▶ Aim of the exercise
Reproduce the listing that follows word for word, without its pictures.

▶ Given records

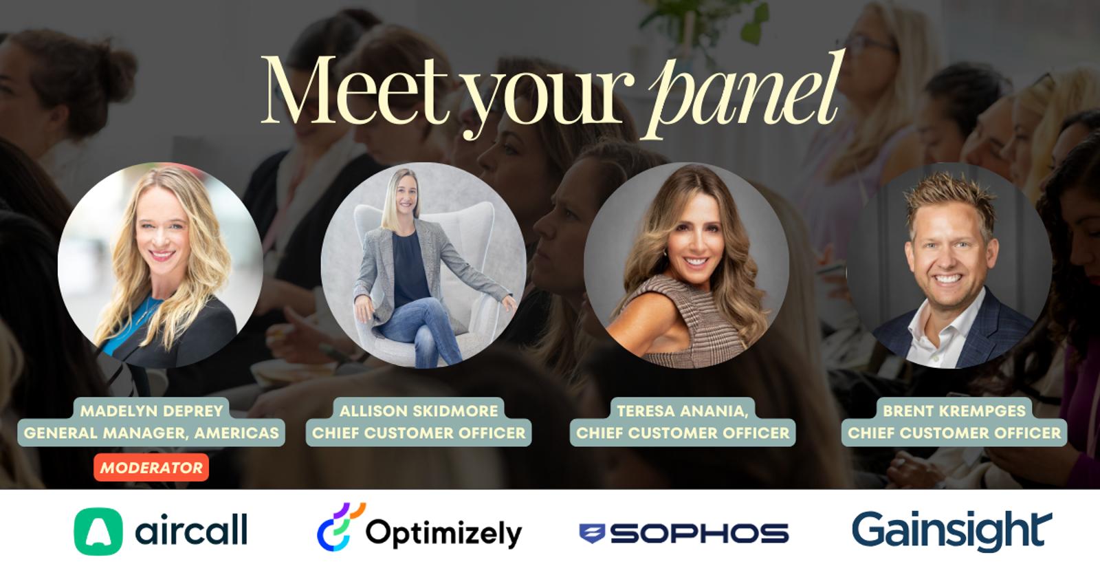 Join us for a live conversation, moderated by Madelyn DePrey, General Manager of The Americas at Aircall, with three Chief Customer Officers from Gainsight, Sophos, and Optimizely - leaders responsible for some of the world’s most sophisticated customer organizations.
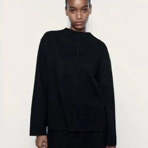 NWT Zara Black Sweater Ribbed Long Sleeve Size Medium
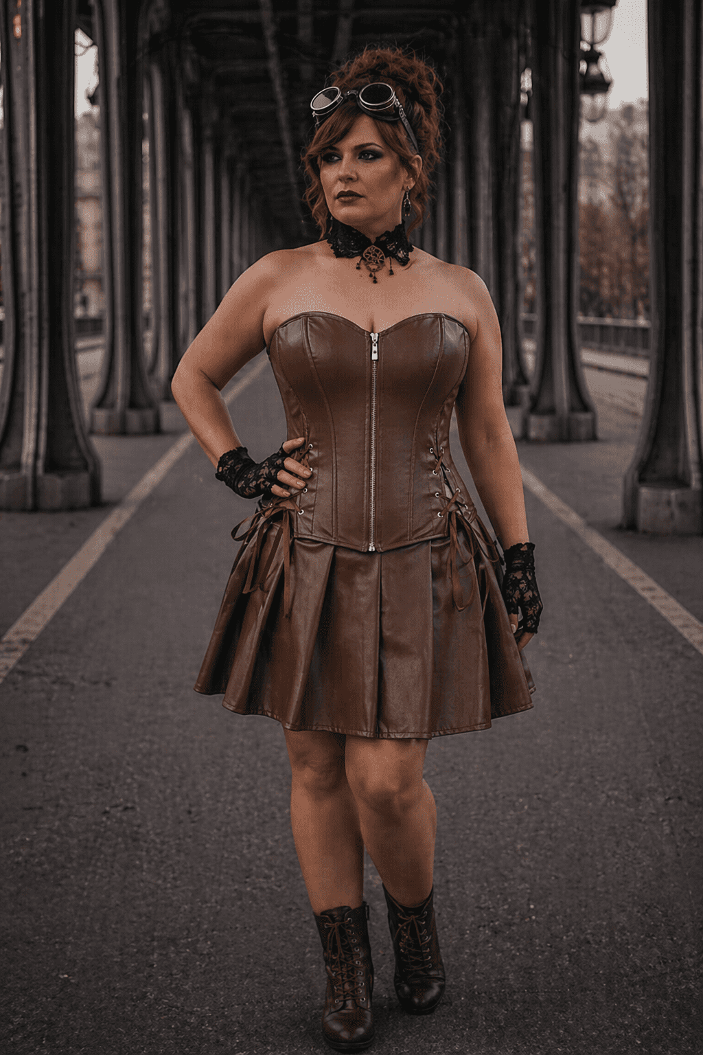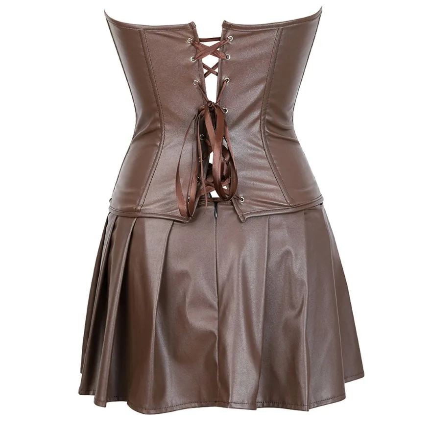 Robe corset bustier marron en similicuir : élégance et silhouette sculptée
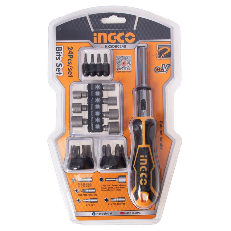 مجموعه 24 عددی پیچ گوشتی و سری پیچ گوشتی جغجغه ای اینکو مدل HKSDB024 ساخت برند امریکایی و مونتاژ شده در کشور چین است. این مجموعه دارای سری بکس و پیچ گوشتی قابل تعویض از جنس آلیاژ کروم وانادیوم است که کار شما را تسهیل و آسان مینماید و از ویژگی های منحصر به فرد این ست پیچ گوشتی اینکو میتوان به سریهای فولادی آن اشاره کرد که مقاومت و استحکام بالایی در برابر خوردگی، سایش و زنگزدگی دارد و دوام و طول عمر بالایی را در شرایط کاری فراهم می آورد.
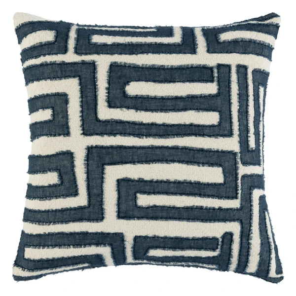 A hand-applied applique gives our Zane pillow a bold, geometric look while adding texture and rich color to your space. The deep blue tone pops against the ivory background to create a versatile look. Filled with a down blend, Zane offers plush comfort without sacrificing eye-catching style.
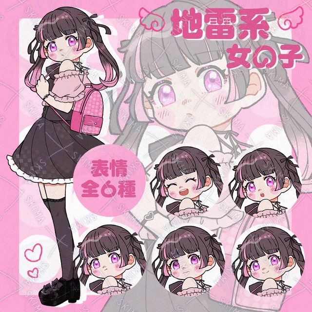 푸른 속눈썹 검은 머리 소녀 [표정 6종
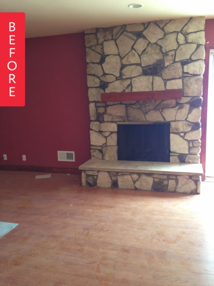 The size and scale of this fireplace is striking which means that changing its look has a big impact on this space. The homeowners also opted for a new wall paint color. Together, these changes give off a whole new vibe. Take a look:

▶ Solution
 Join us for a live conversation, moderated by Madelyn DePrey, General Manager of The Americas at Aircall, with three Chief Customer Officers from Gainsight, Sophos, and Optimizely - leaders responsible for some of the world’s most sophisticated customer organizations.
 NWT Zara Black Sweater Ribbed Long Sleeve Size Medium
 Robe corset bustier marron en similicuir : élégance et silhouette sculptée
 مجموعه 24 عددی پیچ گوشتی و سری پیچ گوشتی جغجغه ای اینکو مدل HKSDB024 ساخت برند امریکایی و مونتاژ شده در کشور چین است. این مجموعه دارای سری بکس و پیچ گوشتی قابل تعویض از جنس آلیاژ کروم وانادیوم است که کار شما را تسهیل و آسان مینماید و از ویژگی های منحصر به فرد این ست پیچ گوشتی اینکو میتوان به سریهای فولادی آن اشاره کرد که مقاومت و استحکام بالایی در برابر خوردگی، سایش و زنگزدگی دارد و دوام و طول عمر بالایی را در شرایط کاری فراهم می آورد.
 A hand-applied applique gives our Zane pillow a bold, geometric look while adding texture and rich color to your space. The deep blue tone pops against the ivory background to create a versatile look. Filled with a down blend, Zane offers plush comfort without sacrificing eye-catching style.
 푸른 속눈썹 검은 머리 소녀 [표정 6종
 The size and scale of this fireplace is striking which means that changing its look has a big impact on this space. The homeowners also opted for a new wall paint color. Together, these changes give off a whole new vibe. Take a look:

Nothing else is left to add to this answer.